Lots of people love to shoot the moon


In reading obituaries, we learn about the games people play.

Around here, people love a good game of pitch.

Isidore N. “Diz” Grudzinski “loved playing cards for fun, namely Ten Point Pitch, and was never afraid to shoot the moon, whether he had the cards to do it or not (he relied upon his partners for help),” said the obituary for the Grand Island man, who passed away last year at the age of 89.

Jeff Bahr

Many fearless card players aren’t afraid to shoot the moon, whatever that means.

Central Nebraska seems to be a hotbed of pitch. When I lived in eastern Nebraska for 12 years, the game never came up.

Around here, people also play a game called sheepshead. Others play bridge and rummy.
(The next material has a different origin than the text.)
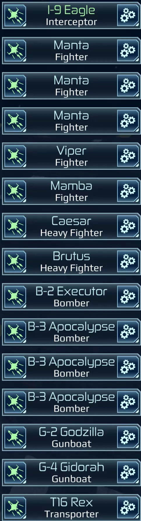 - G-2哥斯拉 推荐武器装备: - 2门40毫米机炮(反物质弹药) - 导弹发射器(G8导弹) - 4门等离子炮 - 注意:不推荐使用炮艇机。它们的作用很容易被拦截机替代和补充。在多次战斗中,炮艇机已被证明是舰队中最先撤退的单位。不建议大量使用它们。 运输舰 (高级) 推荐舰船: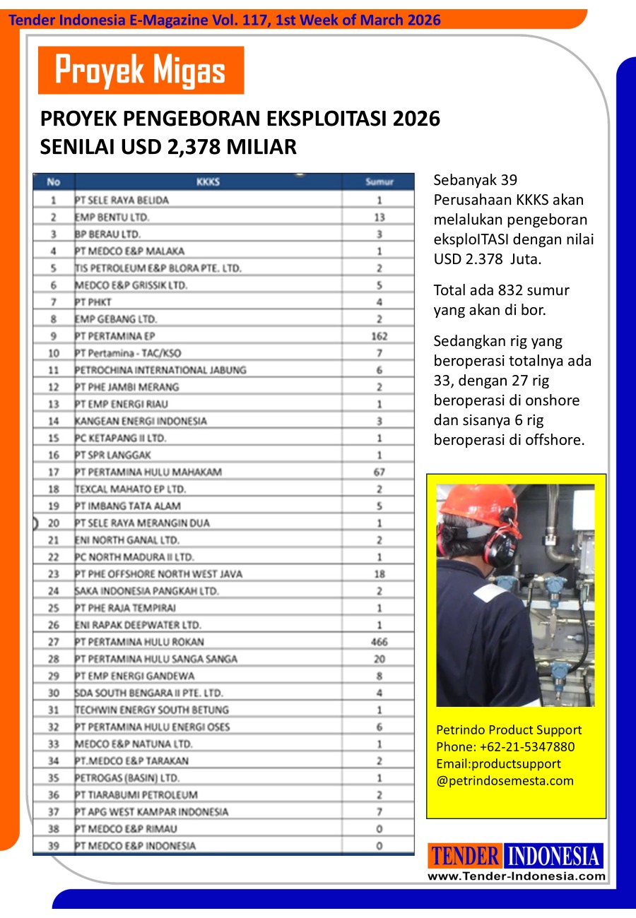 Proyek Pengeboran Eksploitasi 2026 Senilai USD 2,378 Miliar

When Marlene Fuller moved to Phoenix in 1984, she “quickly discovered the thrill of duplicate bridge.” She died in 2017 at 84.

At one time, Shirley Sorensen was a member of nine card groups. The Grand Island woman was 84 when she passed away last year.

Old people aren’t as gentle as you think. Many are highly competitive.

Irene Colfack of Grand Island, who died at 90 last year, loved to play “cutthroat” double-deck pinochle with members of her family.

When playing games, some grandparents don’t let the kids win.

Gladys Patton of Fullerton “loved all her grandchildren, especially playing games — she could beat just about everyone at Scrabble.”

Everett McDowell of Grand Island “played a mean game of pitch and loved playing Risk with his grandkids, but his real competitive spirit showed while playing mini golf.” McDowell, 88, passed away last year.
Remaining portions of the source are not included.